Ideally plan to serve the pastry and ricotta filling the same day they are made. If your pastry disks need a little crisp-up, warm them in a 350-degree oven for a few minutes. Once your pastry and filling are made, assembling these cannoli takes just minutes and should be done right before serving to prevent sogginess. 

Then sit down, and enjoy how this dessert brings together traditions to create a party on your plate. 

Deconstructed Pumpkin-Bourbon Cannoli

With a pumpkin filling and bourbon-scented pastry, beloved Sicilian cannoli become a perfectly themed dessert for the season of Thanksgiving and Hanukkah. Rather than tube-shaped shells, my rustic deconstructed version uses rounds of fried pastry sandwiching a generous dollop of creamy, flavorful filling.
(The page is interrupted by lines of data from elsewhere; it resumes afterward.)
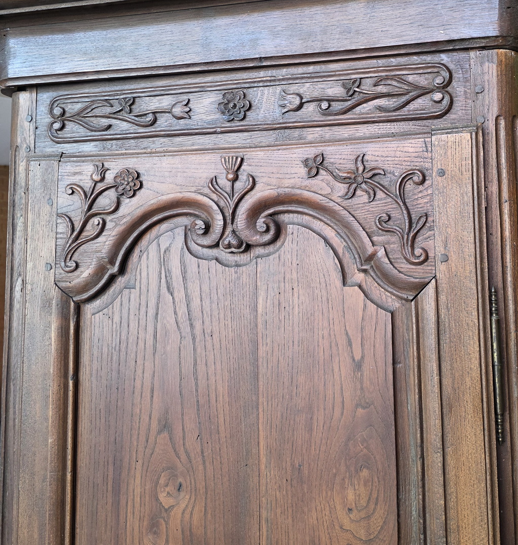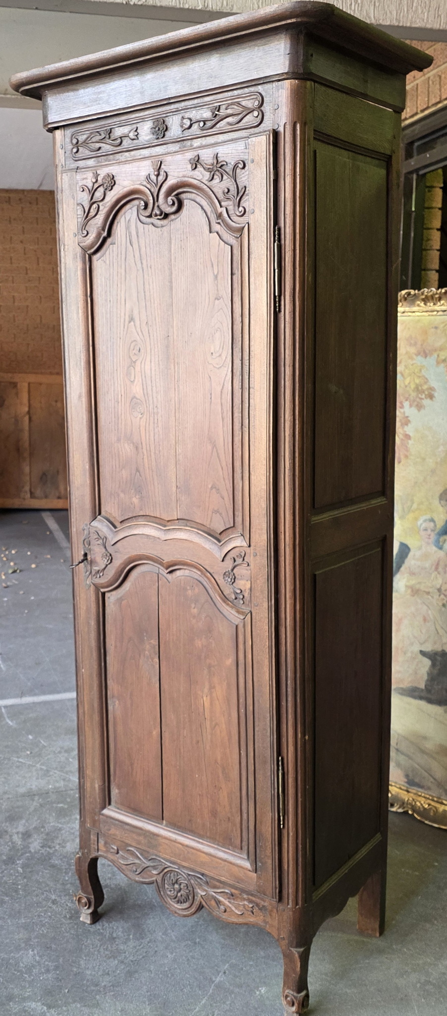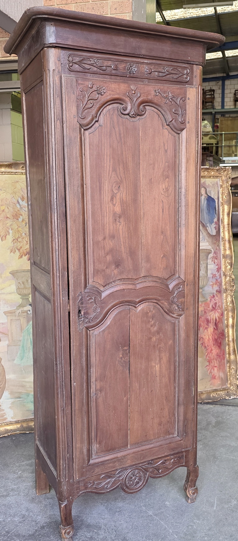 A 19th century French provincial, tall and narrow, Louis XV style, haut-relief carved solid oak 'Bonnetiere de Mariage' cupboard, the pediment and the panelled door decorated with haut-relief carved flowers and with foliate motifs. Internally fitted with shelves. Area of Normandy, circa 1880.
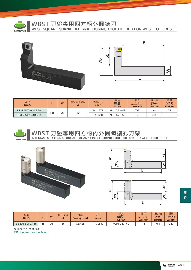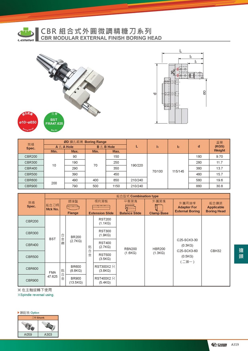 CBR組合式外圓鏜孔刀,鏜孔范圍為10-1150,使用過程中,主軸需逆轉(zhuǎn);
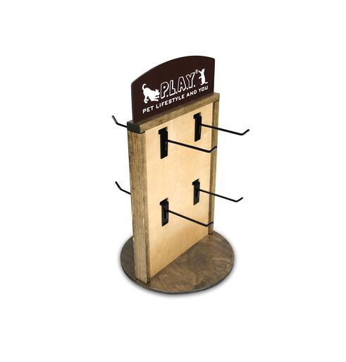 4) P.L.A.Y. Counter Display– Our fourth wood display example is the spinning counter display we made for P.L.A.Y. The display was designed to merchandise 8 SKUs of cat toys. We used walnut-stained pine for the base and panel frame and then constructed the main panel out of 2 pieces of slotted pre-finished birch to create some contrast with the frame and base. The panels accommodated standard slatwall hooks We added a 2-sided, die-cut PVC header sign.
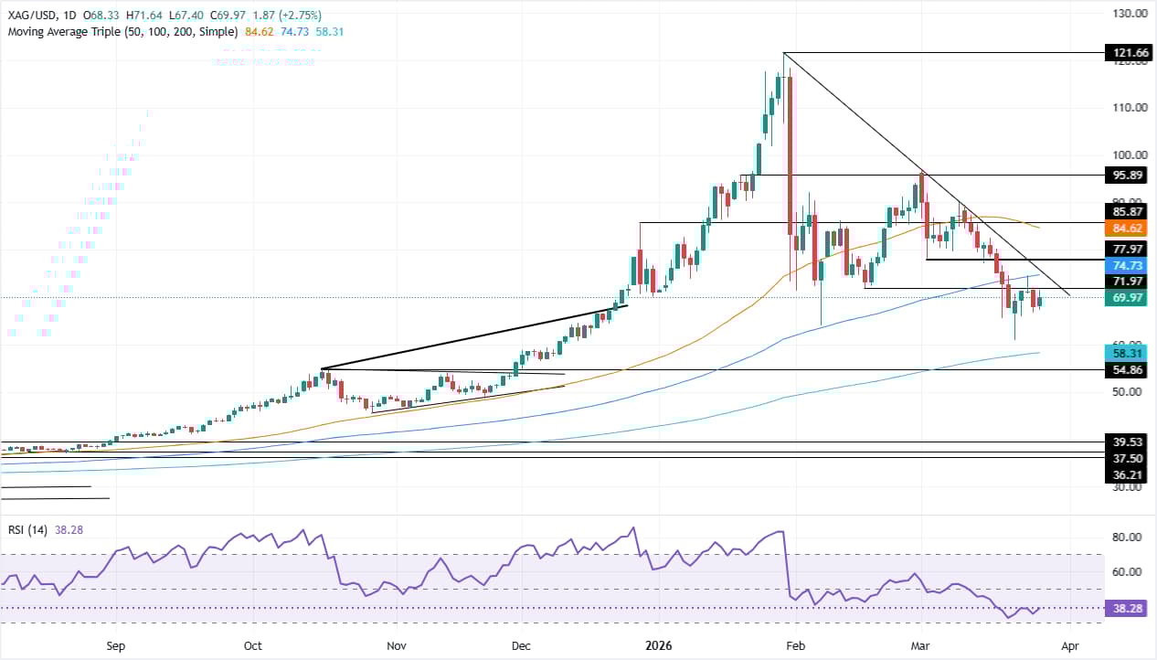 白银(XAG/USD)价格在连续两个看跌交易日后于周五转为上涨,因中东紧张局势加剧削弱了白银作为避险资产的吸引力,促使交易者转向美元(USD) 标题:白银价格分析:反弹受限于70美元下方,跌势风险依然存在
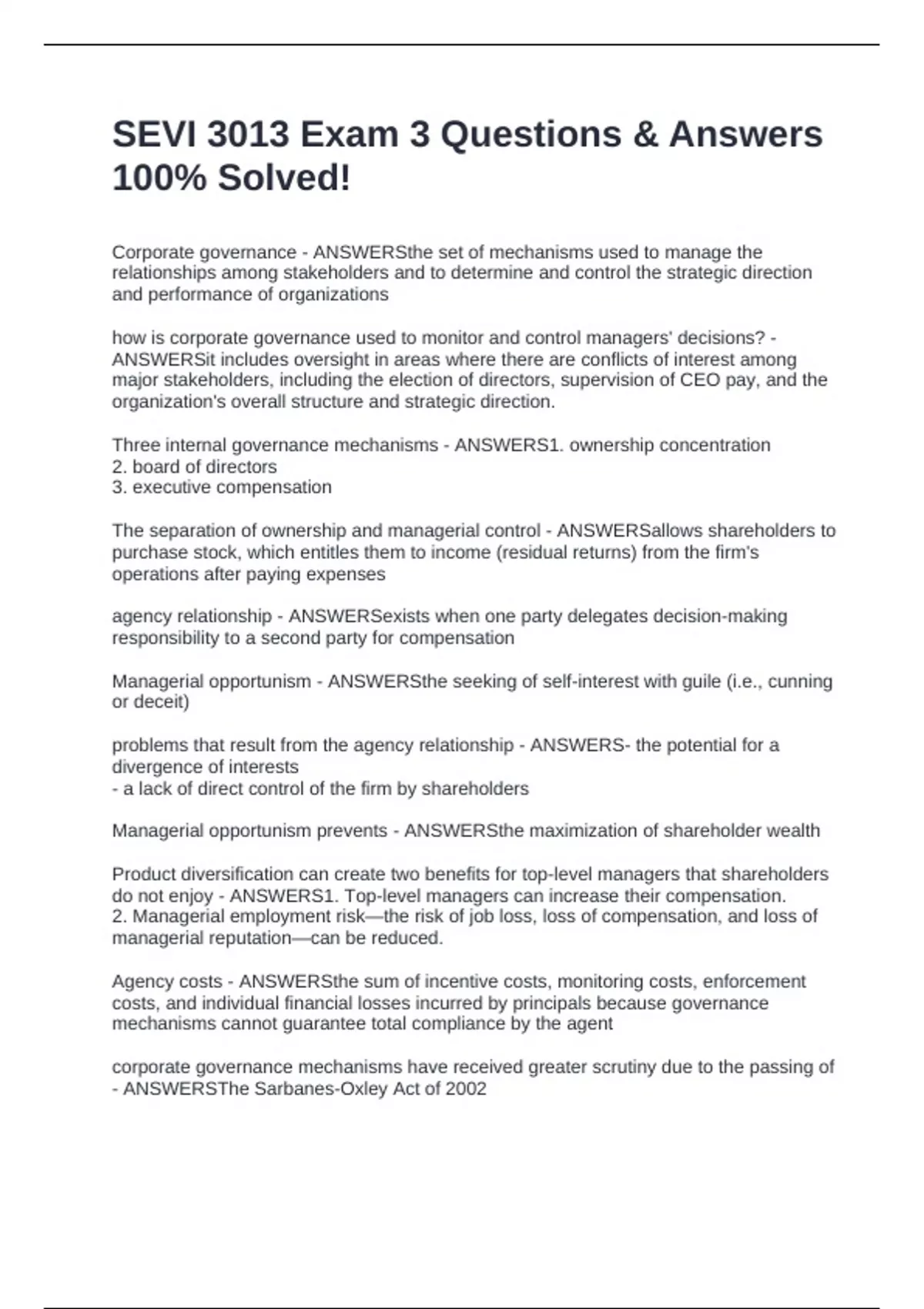 Corporate governance - ANSWERSthe set of mechanisms used to manage the relationships among stakeholders and to determine and control the strategic direction and performance of organizations how is corporate governance used to monitor and control managers' decisions? - ANSWERSit includes oversight in areas where there are conflicts of interest among major stakeholders, including the election of directors, supervision of CEO pay, and the organization's overall structure and strategic direction. Three internal governance mechanisms - ANSWERS1. ownership concentration 2. board of directors 3. executive compensation The separation of ownership and managerial control - ANSWERSallows shareholders to purchase stock, which entitles them to income (residual returns) from the firm's operations after paying expenses agency relationship - ANSWERSexists when one party delegates decision-making responsibility to a second party for compensation Managerial opportunism - ANSWERSthe seeking of self-interest with guile (i.e., cunning or deceit) problems that result from the agency relationship - ANSWERS- the potential for a divergence of interests - a lack of direct control of the firm by shareholders Managerial opportunism prevents - ANSWERSthe maximization of shareholder wealth Product diversification can create two benefits for top-level managers that shareholders do not enjoy - ANSWERS1. Top-level managers can increase their compensation. 2. Managerial employment risk—the risk of job loss, loss of compensation, and loss of managerial reputation—can be reduced. A
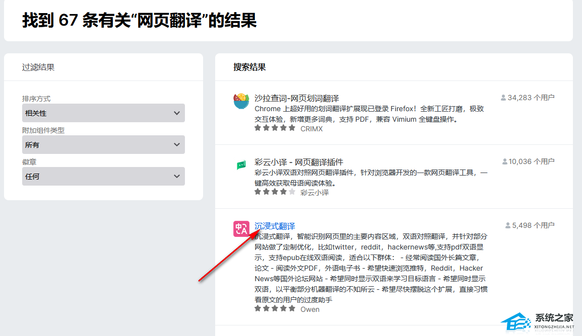 3、在“网页翻译”的搜索结果中,我们找到“沉浸式翻译”插件,点击打开该插件。

The pastries will puff up in spots while frying, which helps create pleasingly flaky layers. Put the pastries and filling together right before serving to prevent sogginess. For a shortcut, use store-bought cannoli shells (there should be enough filling for about 10 standard-sized shells).
Prep Time 50 minutes
Cook Time 10 minutes
Course Desserts
Cuisine Italian, Jewish
Servings 10 deconstructed cannoli


For the Filling

  • 16 ounces (1 container) whole-milk ricotta, such as BelGioioso Whole Milk Ricotta con Latte
  • ¼ cup mascarpone
  • tablespoons superfine sugar
  • 2 teaspoons vanilla extract
  • 1/2 teaspoon ground cinnamon
  • 1/4 teaspoon ground nutmeg
  • 1/8 teaspoon ground allspice
  • 1/8 teaspoon (scant) ground ginger
  • 1/3 cup canned pumpkin

For the Pastry Rounds

  • 2 cups all-purpose flour
  • 2 tablespoons sugar
  • 1 teaspoon baking soda
  • 2 teaspoons cornstarch
  • ½ teaspoon unsweetened cocoa powder
  • ½ teaspoon cinnamon
  • ½ teaspoon kosher salt
  • 2 tablespoons vegetable shortening
  • 2 teaspoons vanilla extract
  • 1 tablespoon white wine vinegar
  • ¼ cup bourbon
  • Vegetable oil for frying

For the Topping

  • 2 tablespoons confectioners’ sugar
  • 2 teaspoons ground cinnamon
  • Whipped cream garnish optional


  • To drain the ricotta, place it in a fine-mesh strainer lined with a large double-layer piece of cheesecloth. Place the strainer over a large bowl. Wrap the ricotta tightly in the cloth, squeezing to start extracting liquid. Place a heavy bowl on top and refrigerate for at least one hour. (You can start making the pastry dough while the ricotta drains if you like.)
  • Discard the liquid and transfer the ricotta to a large bowl. Add the mascarpone, sugar, and vanilla. Beat with an electric mixer on medium speed for about 2 minutes, until smooth and slightly fluffy. On low speed, mix in the cinnamon, nutmeg, allspice, ginger, and pumpkin. Refrigerate the mixture at least 30 minutes, or until ready to serve.
  • Meanwhile, make the pastries. Whisk together the flour, sugar, baking soda, cornstarch, cocoa powder, cinnamon, and salt in a large bowl. With the whisk, work in the shortening to create a crumbled texture. In a separate small bowl, combine the vanilla extract, vinegar, and bourbon, then stir the liquids into the flour mixture. Add cold water a teaspoon at a time as needed to create a cohesive dough. Knead about 2 minutes, until smooth.
  • Divide the dough in half. In between sheets of wax paper, roll each half into a circle about 1/8-inch-thick. Let stand covered at room temperature for about 20 minutes.
  • When ready to cook, start heating about 1½ inches of oil to 365°F in a heavy, deep-sided pan over medium heat.
  • Working with one piece of dough at a time, roll the dough to about 1/16-inch thick. Use a 3-inch cutter to cut circles, rerolling scraps. The dough will tend to contract, so right before frying, roll over the circles with the rolling pin to thin them (it’s okay if they end up as ovals or odd shapes—that’s part of the rustic charm). You should end up with 20 to 24 rounds.
  • Fry the rounds in small batches to avoid crowding the pan, turning a few times, until brown, 1 to 2 minutes. Transfer to a paper-towel-lined plate to drain and cool completely.
  • Make the sugar topping by combining the confectioners’ sugar and cinnamon.
  • To serve, place one pastry round on a serving dish and top with a generous dollop (3 to 4 tablespoons) of pumpkin ricotta filling. Top with another pastry piece, and finish with a dab of whipped cream (if using) or more pumpkin filling. Generously dust the tops with the sugar-cinnamon mixture. Serve immediately.